Building Code Generally

A generator gives us on-demand access to code, but it is helpful to load and use code from files while we work in the Dojo.

A conventional library import with /+ faslus will work in a generator or another file, but won't work in Dojo, so you can't use /+ faslus interactively.

Instead, you need to use the -build-file thread to load the code. Most commonly, you will do this with library code when you need a particular core's functionality.

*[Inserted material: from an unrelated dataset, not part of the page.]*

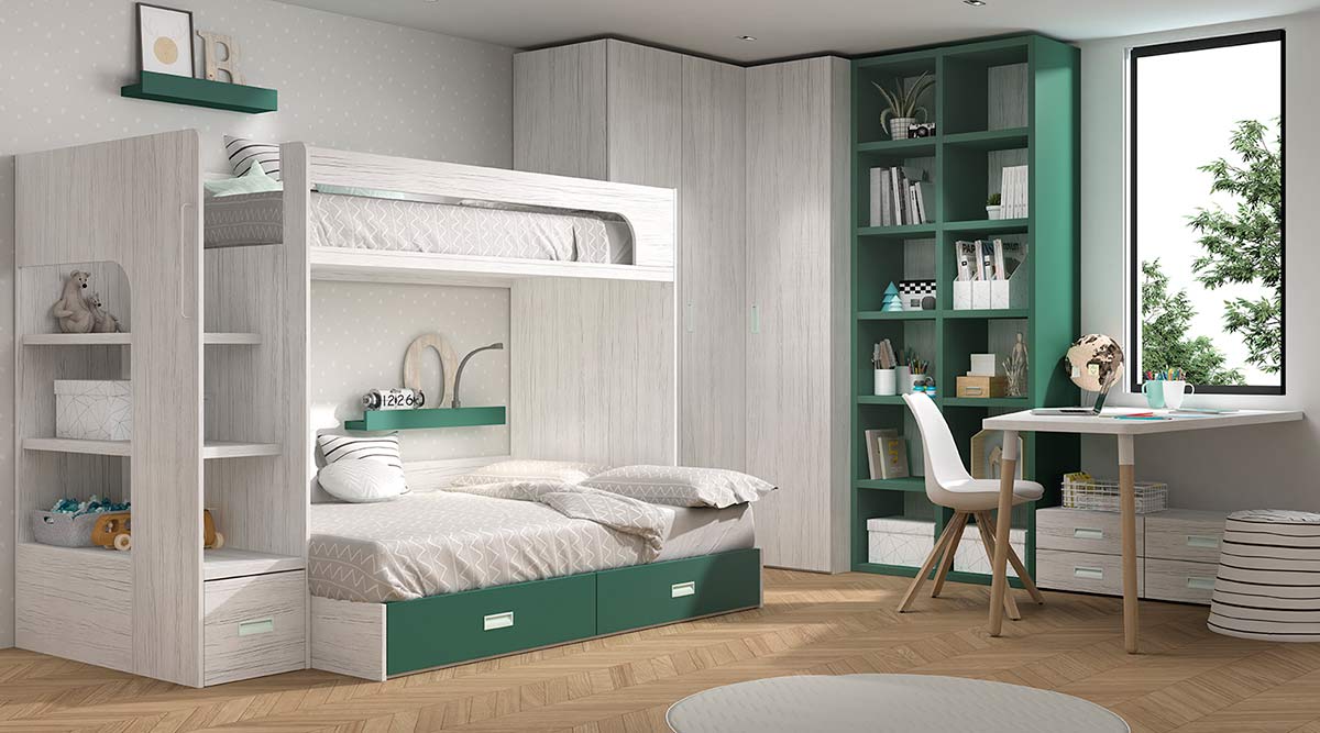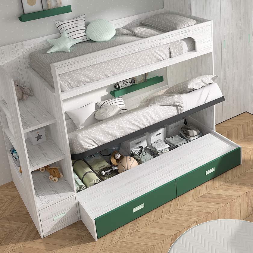 Con esta litera juvenil con canapé será mucho más fácil compartir la habitación entre dos herman@s. La parte inferior es para colchón de 135×90, ademas de ser una cama nido grande es también una cama nido con almacenaje ¡es genial!.
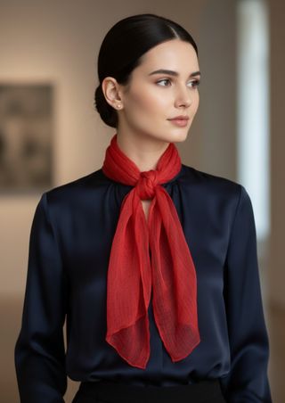 Pañuelo de cuello fino y transparente. - Diseño elegante y ligero. - Color rojo vibrante. Mide 63 cm

-build-file accepts a file path and returns the built operational code, to which you can then attach a face. For instance:

> =ntw -build-file %/lib/number-to-words/hoon
> one-hundred:numbers:ntw
> (to-words:eng-us:numbers:ntw 19)
[~ "nineteen"]

There are also a number of other import runes which make library, structure, and mark code available to you. Right now, the only one you need to worry about is /+ faslus.

For simplicity, everything we do will take place on the %base desk for now. We will learn how to create a library in a subsequent lesson.

Exercise: Loading a Library

In a generator, load the number-to-words library using the /+ faslus rune. (This must take place at the very top of your file.)

Use this to produce a gate which accepts an unsigned decimal integer and returns the text interpretation of its increment.